Fidelity’s Wright has bought shares in Pearson, due to its online learning arm which accounts for 20 per cent of the company’s revenues.
Wright says: ‘The business is expected to recover quickly when social distancing is relaxed and usually performs well in a recession – not a common feature in the stock market.’
Fidelity Special Values has performed poorly. Over the past three months, it has recorded losses of 9.3 per cent.
Over the past one and five years, losses are 25 per cent and returns of 5.3 per cent.
AND WHAT THEY ARE SELLING
Struggling retail and leisure
While some fund managers saw opportunities as retail stocks fell, others believe it will take too long for some shops to recover.
‘We sold positions in M&S, Macy’s and Gap as we thought that without customers even good recovery plans would be insufficient,’ says McKinnon at Scottish Investment Trust.
Torcail Stewart, manager of fund Baillie Gifford Strategic Bond, sold shares in Pure Gym on the basis that gym usage will remain subdued as the country emerges from lockdown.

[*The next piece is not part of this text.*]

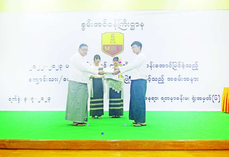 ၂၀၂၂-၂၀၂၃ ပညာသင်နှစ် တက္ကသိုလ်ဝင်တန်းစာမေးပွဲတွင် အောင်မြင်ခဲ့သည့် စွမ်းအင်ဝန်ကြီးဌာနမှ ဝန်ထမ်းများ၏ သား သမီး၊ ကျောင်းသား ကျောင်းသူများအား ဂုဏ်ပြုဆုချီးမြှင့်ခြင်း အခမ်းအနားကို ယနေ့နံနက်ပိုင်းက နေပြည်တော်ရှိ စွမ်းအင်ဝန်ကြီးဌာန ရတနာခန်းမ၌ ကျင်းပသည်။

Fully valued cleaning companies
Fundsmith’s Terry Smith, who is renowned for holding on to companies long term, made the unusual decision to sell cleaning company Clorox after holding it for only four months.
Clorox is among the best-performing stocks in the S&P500 since the turn of the year, thanks to demand for its bleach.

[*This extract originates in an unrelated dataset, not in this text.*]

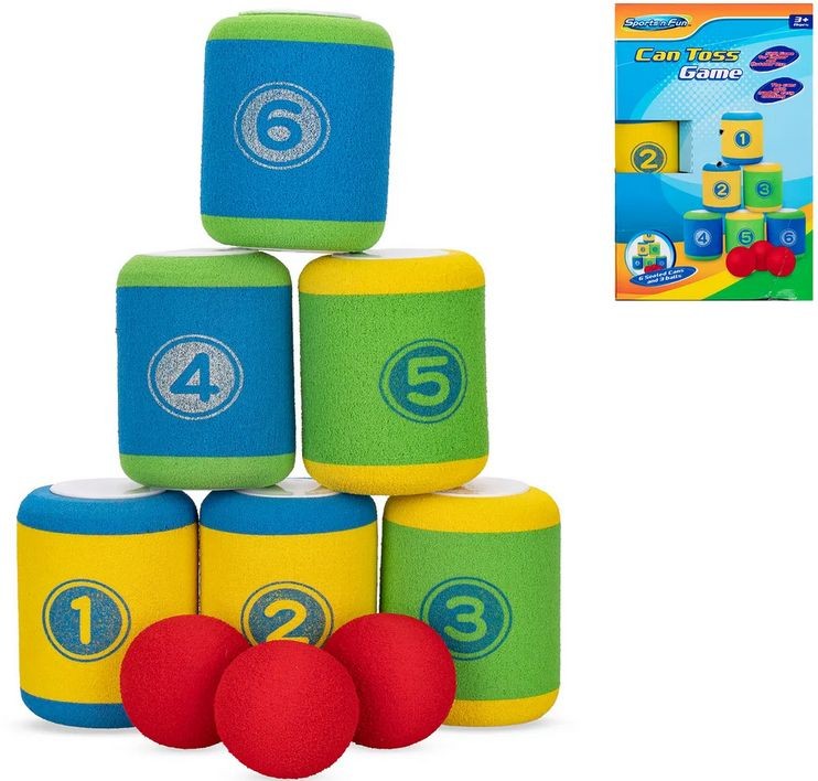 • Souprava obsahuje 6 lehkých plechovek s čísly nebo potiskem a 3 měkké míčky, které jsou bezpečné pro hru v interiéru i exteriéru.

However, Smith still holds rival cleaning product group Reckitt Benckiser.
Smith says that Clorox had performed strongly and that the crisis ‘has produced other investment opportunities we wish to take advantage of’.
Fundsmith Equity only ever holds a small number of companies – around 30.
ONE FUND GURU HAS MADE NO CHANGES
While most investment managers have changed their portfolios as stocks have fluctuated during the coronavirus pandemic, one of the UK’s remaining ‘star managers’ wrote to his investors – explaining that he was making no changes.
Nick Train, of investment house Lindsell Train, did not buy or sell investments in any of his four funds – describing this decision as ‘significant’ when he wrote to investors at the end of April.
No change of view: Lindsell’s Nick Train
He explained: ‘There are two reasons for it. First, we hope Lindsell Train’s investment principles and process mean we were already owning the right sort of company for a crisis. We have always placed a high value on the ‘survivability’ of the companies we invest in.
Next, in all humility: ‘We do not know’. We are not epidemiologists and therefore have no insight into the duration or severity of the epidemic.’
In three months, Lindsell Train’s Global Equity fund is up 15 per cent, while it is up 0.7 per cent over a year and 118 per cent over five years.
The £7.4billion fund is one of the country’s biggest and has key stakes in some of the world’s largest listed companies – such as drinks giant Diageo and payment company PayPal.